─── TASK INPUT

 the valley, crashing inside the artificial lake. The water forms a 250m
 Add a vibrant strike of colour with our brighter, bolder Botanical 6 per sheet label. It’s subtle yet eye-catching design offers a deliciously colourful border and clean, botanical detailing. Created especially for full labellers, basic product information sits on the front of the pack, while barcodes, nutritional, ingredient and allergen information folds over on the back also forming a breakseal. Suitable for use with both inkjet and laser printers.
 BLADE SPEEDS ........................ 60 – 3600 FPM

──────
─── TASK INPUT

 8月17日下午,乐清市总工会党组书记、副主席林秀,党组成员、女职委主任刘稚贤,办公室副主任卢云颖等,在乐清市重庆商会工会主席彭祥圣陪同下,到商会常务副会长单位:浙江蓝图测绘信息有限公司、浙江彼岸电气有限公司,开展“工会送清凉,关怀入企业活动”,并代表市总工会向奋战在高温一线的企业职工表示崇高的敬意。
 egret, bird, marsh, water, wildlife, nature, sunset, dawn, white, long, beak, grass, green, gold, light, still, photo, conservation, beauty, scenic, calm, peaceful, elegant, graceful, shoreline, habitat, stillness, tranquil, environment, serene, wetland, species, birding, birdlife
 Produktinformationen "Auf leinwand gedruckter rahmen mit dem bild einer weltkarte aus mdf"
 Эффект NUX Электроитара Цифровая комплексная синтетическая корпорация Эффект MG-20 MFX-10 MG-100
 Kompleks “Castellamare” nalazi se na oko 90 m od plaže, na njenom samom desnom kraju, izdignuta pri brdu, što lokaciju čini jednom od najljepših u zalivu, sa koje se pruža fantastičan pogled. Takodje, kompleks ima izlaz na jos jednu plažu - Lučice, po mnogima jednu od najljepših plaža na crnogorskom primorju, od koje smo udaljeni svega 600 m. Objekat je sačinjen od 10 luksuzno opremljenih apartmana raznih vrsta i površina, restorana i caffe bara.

──────
─── TASK INPUT

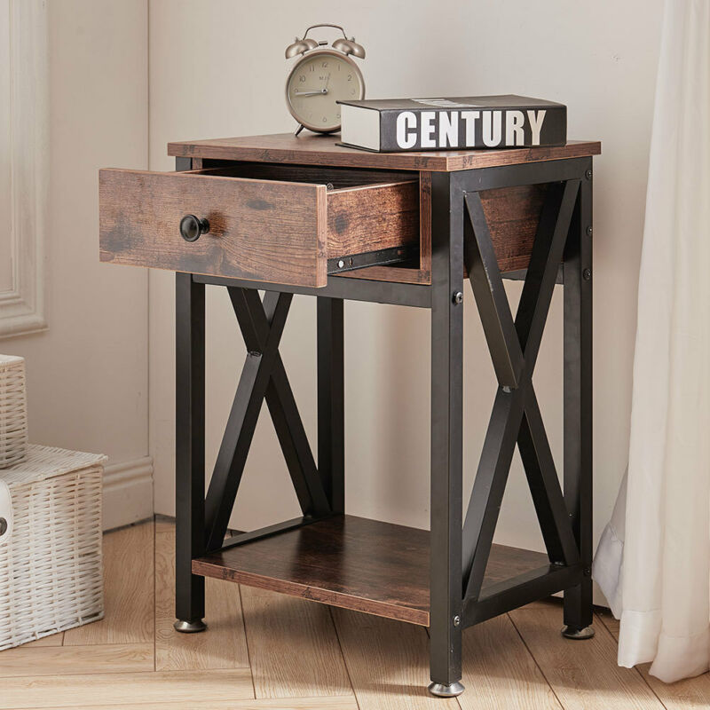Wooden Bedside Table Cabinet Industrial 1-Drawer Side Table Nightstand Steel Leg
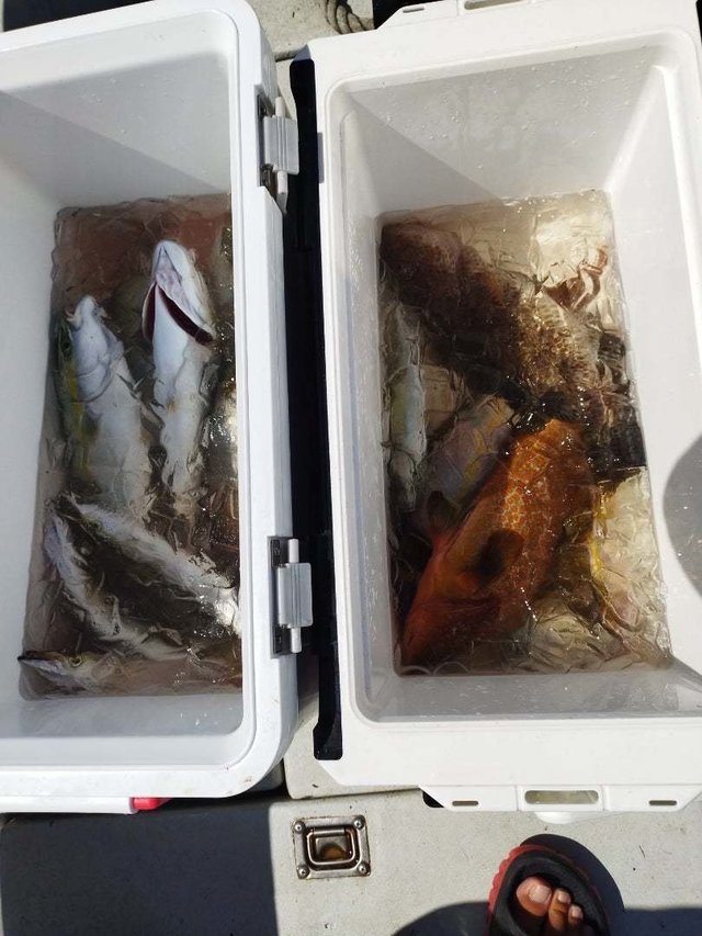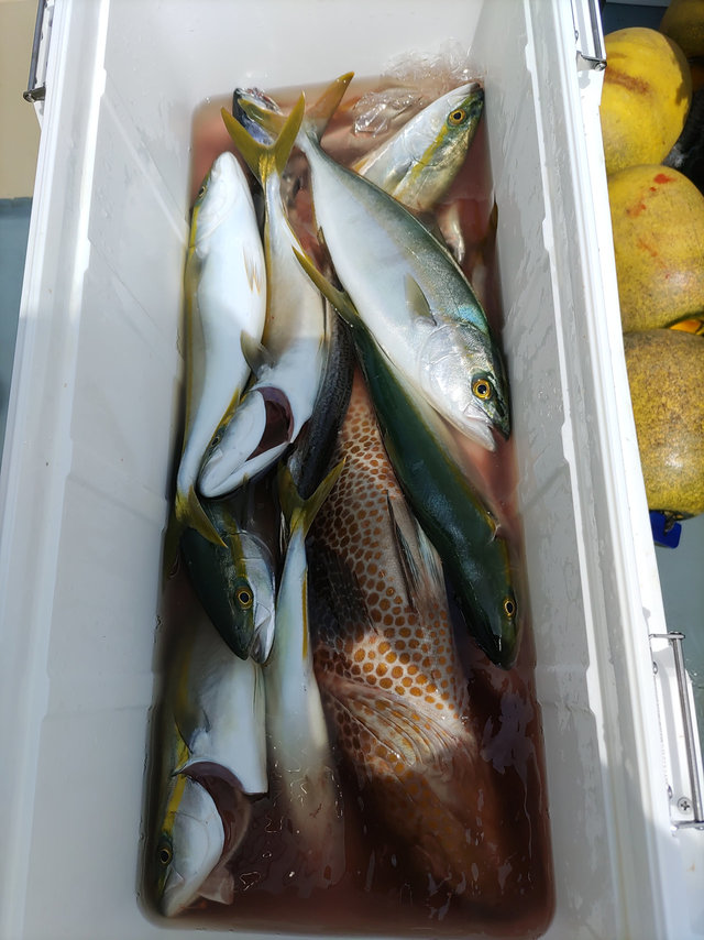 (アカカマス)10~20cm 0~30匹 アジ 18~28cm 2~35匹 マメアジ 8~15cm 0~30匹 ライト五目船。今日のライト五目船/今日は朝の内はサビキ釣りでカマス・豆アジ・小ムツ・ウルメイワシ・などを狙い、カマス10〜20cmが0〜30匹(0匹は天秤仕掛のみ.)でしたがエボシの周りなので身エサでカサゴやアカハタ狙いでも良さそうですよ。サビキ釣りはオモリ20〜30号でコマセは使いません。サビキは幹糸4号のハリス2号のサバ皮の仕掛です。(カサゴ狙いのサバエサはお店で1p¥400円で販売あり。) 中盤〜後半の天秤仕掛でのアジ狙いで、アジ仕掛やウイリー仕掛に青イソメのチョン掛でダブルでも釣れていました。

──────

### THE TASK
Taking the entries above, write out exactly the lines starting with the line containing "Эффект NUX Электроитара" and going on through the line containing "i caffe bara.", both included, and nothing else.

### TASK OUTPUT
 Эффект NUX Электроитара Цифровая комплексная синтетическая корпорация Эффект MG-20 MFX-10 MG-100
 Kompleks “Castellamare” nalazi se na oko 90 m od plaže, na njenom samom desnom kraju, izdignuta pri brdu, što lokaciju čini jednom od najljepših u zalivu, sa koje se pruža fantastičan pogled. Takodje, kompleks ima izlaz na jos jednu plažu - Lučice, po mnogima jednu od najljepših plaža na crnogorskom primorju, od koje smo udaljeni svega 600 m. Objekat je sačinjen od 10 luksuzno opremljenih apartmana raznih vrsta i površina, restorana i caffe bara.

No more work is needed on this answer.